ジョルノ ボアアップ⑨

ドライブベルトを新調して、ウエイトローラーも軽いものに交換したボアアップジョルノ ちゃん。プーリーカバーを取り付けている間にもテスト走行へのへの期待が高まります。

思えば春頃にクランクサイドベアリングの破損で不動になってから長かった…あの時は廃車にしてしまおうかと思ったけど、手間暇かけて直してる間に愛着が湧いてお別れできなくなっちゃったわけで。

おそらくもう二度と発売されない、軽量でパワフルな2ストローク原付スクーター。バイクにさえ電動化の波が訪れている昨今、4ストFi原付でさえ虫の息なのに2ストキャブ原付なんてまさに絶滅危惧種で、もはや電車に混じってSLが走るようなものです。

まるで芝刈り機のような「ブベベベベベ」というエンジン音と、ほのかなマフラーからの白い排煙。そしてキックボードのような軽快な取り回しに、パンチの効いたダッシュ力が魅力の2スト原付は、手頃かつ豊富なカスタマイズパーツで更に化けるという中毒性の高いおもちゃだったそうな。

クラシックベスパのような可愛らしいボディの奥にブチ込んだチューンドZXエンジン。速さとは一見無縁の女子向け街乗りスクーターなこいつは、一体どんなポテンシャルを隠し持っているのだろう。

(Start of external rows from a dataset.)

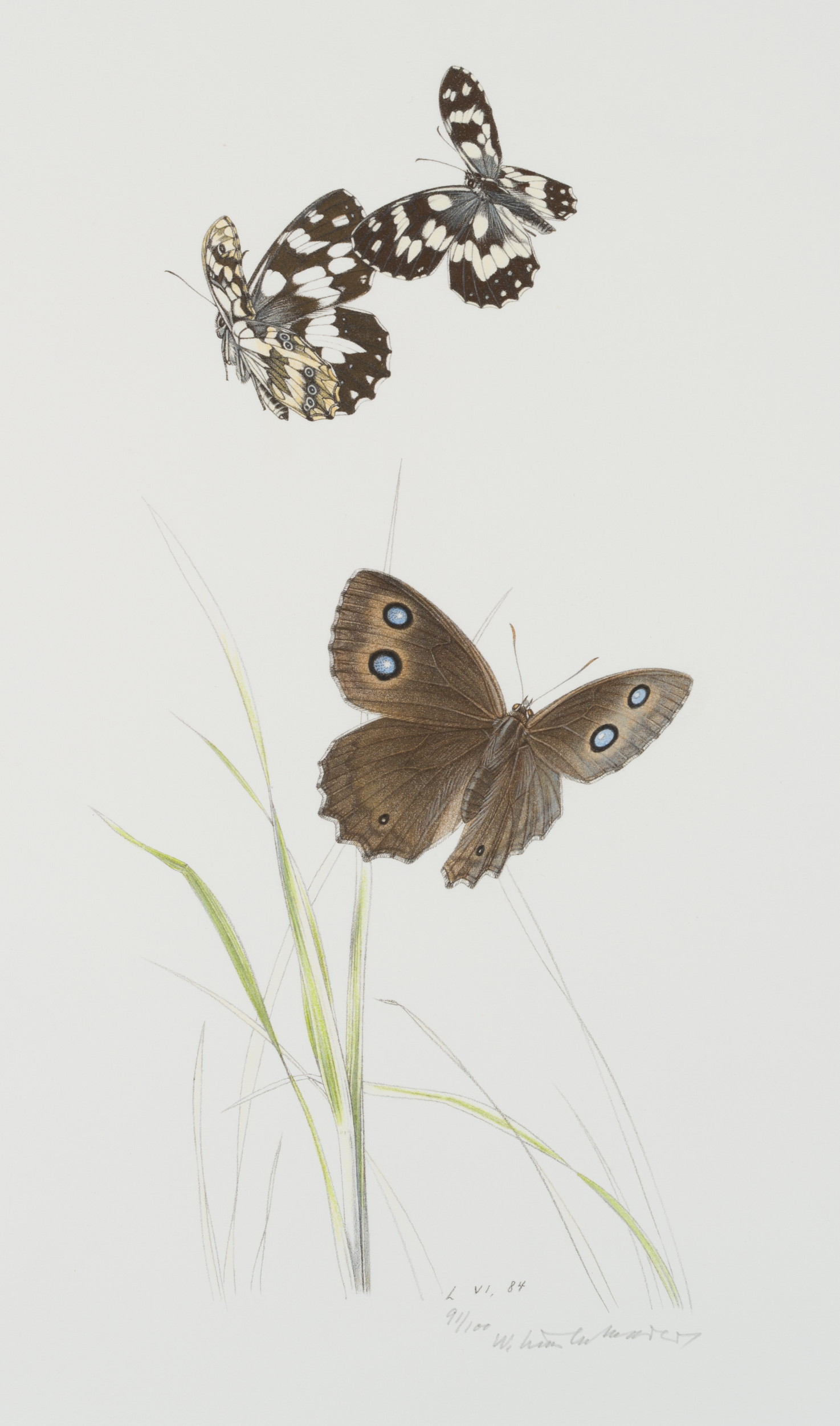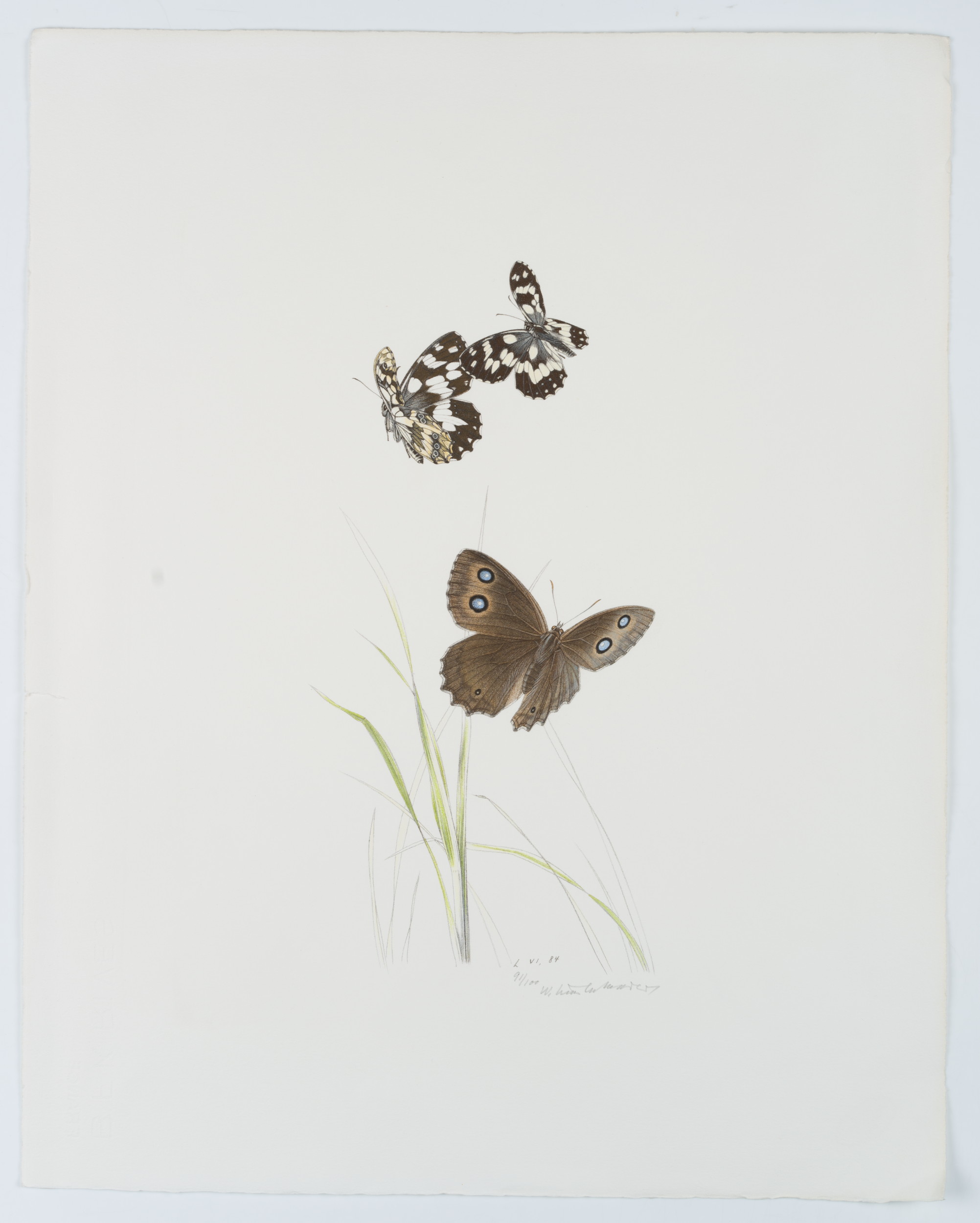 Unknown (20th century), Grasses and various butterflies flying around, 1984, Lithography
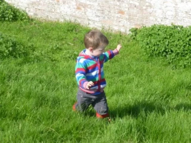 Anywhere with lots of green space attracts N. I wanted to head to see the deer first but we didn’t actually reach their field. First N had to investigate the ‘moat’ area in front of the gate house and gardens. I was a bit concerned at how steep it was, but he’s really got his confidence in his physical ability, and had no problem, walking down to the bottom, then climbing back up and wandering along half way up the sides.
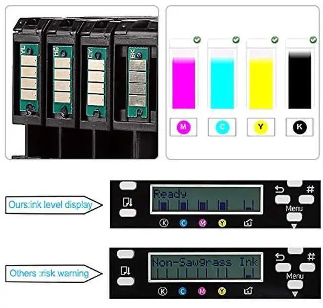 Compatible with Sawgrass SG400/SG800 Designed specifically for Sawgrass Virtuoso SG400 and SG800 printers, featuring a new upgraded chipset that accurately displays ink levels and seamlessly integrates with the latest firmware. No risk of printer errors or compatibility issues. ^^ Vibrant Sublimation Ink for Professional Results Achieve rich, fade-resistant colors on both hard (mugs, plates) and soft (polyester fabrics, vinyl) substrates. Expertly formulated dye powders and dispersing agents ensure bright blues, deep blacks, and true-to-life reds/yellows after heat transfer. ^^ Protects Your Printers Printhead Advanced ink formula prevents clogging and nozzle damage, even after 5, 000+ pages.

キックペダルを踏み込むと2~3発で難なくエンジンが掛かり、5分ほどアイドリングで暖機をした後にいよいよ発進!

うげっ、速ェェエ工!

50ccの頃の5.5g × 6個ウエイトローラーのダッシュ力が忘られなかったので、今回は7g(ドクタープーリー) × 6個にしてみたけど、毎度シグナルダッシュしないならもう少し重くて良かったかな。マフラーからはバリバリという今まで聞いたことのない破裂音が聞こえてきたので、おそらくマフラーの中に溜まったガソリンオイルが爆発してるのかも。このジョルノの見た目でこの速さ、というよりえげつない加速が実にシュールで笑いが止まらんw

そしてそのまま加速していくと、30km/hを超えたあたりで回転数がひと段階下がりながらも50km/h過ぎまで一気にスピードメーターの針を押し上げていきます。原付スクーターはハイスピードプーリーの変速範囲上限であるこのスピードまでがエンジンの一番おいしい回転数を使えるスイートスポットと言われますが、ドライブベルトを高速側に変速しきったジョルノは今度はエンジン回転だけで更に高速域へ。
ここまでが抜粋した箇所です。